In the following, I want to summarize my understanding of "The 
Big Picture" (which is probably not far from deadalnix's and 
Zach's ideas). Please note that this is not a proposal, even the 
exact semantics of the described concepts are not really 
important for this post.

Problem Statement
=================

There are many different strategies for managing resources like 
memory, file handles, OpenGL objects, etc.

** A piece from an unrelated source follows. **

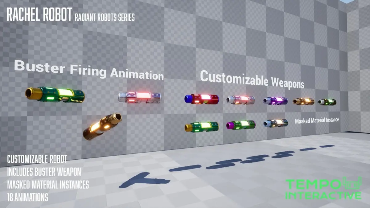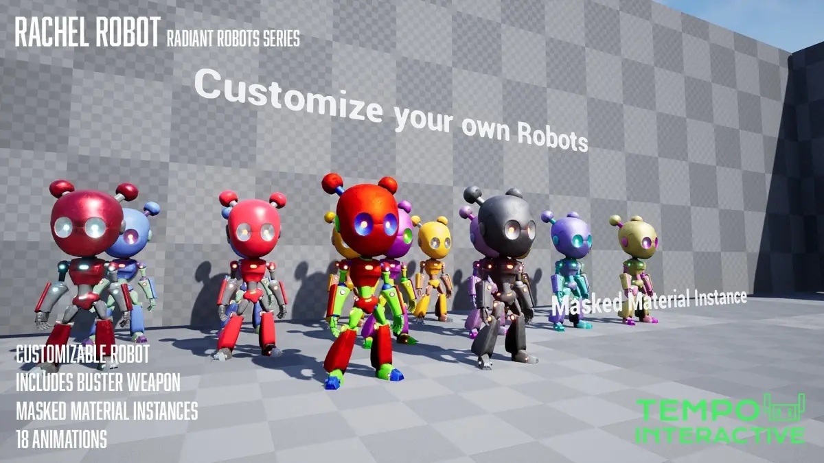 Customize and arm your own robot with a robust material instance to give your robot it's own unique paint job!

The most important 
ones are:

a) manual management (e.g. new/delete, malloc()/free(), 
open()/close())

b) unique/owned wrappers: there is only one reference to the 
resource; when that reference goes out of scope, the resource can 
be released

c) reference counting: there can be more than one reference; when 
the last one is dropped, the resource is released

d) (tracing) garbage collection: this is mostly used for memory 
resources

D already provides several mechanisms to implement these 
strategies, but relies a lot on garbage collection. To improve 
that situation (which is part of the "Vision" for the near future 
[1]), we'd like to provide ways to use other strategies in a SAFE 
and EFFICIENT manner.

Requirements
============

It's clear that we have to work with the existing language 
(although still allowing some changes to it, ideally non-breaking 
ones), and that we as a project have only limited resources. 
Therefore, any demands we want to make against a possible 
solution must be weighed against the costs of satisfying them.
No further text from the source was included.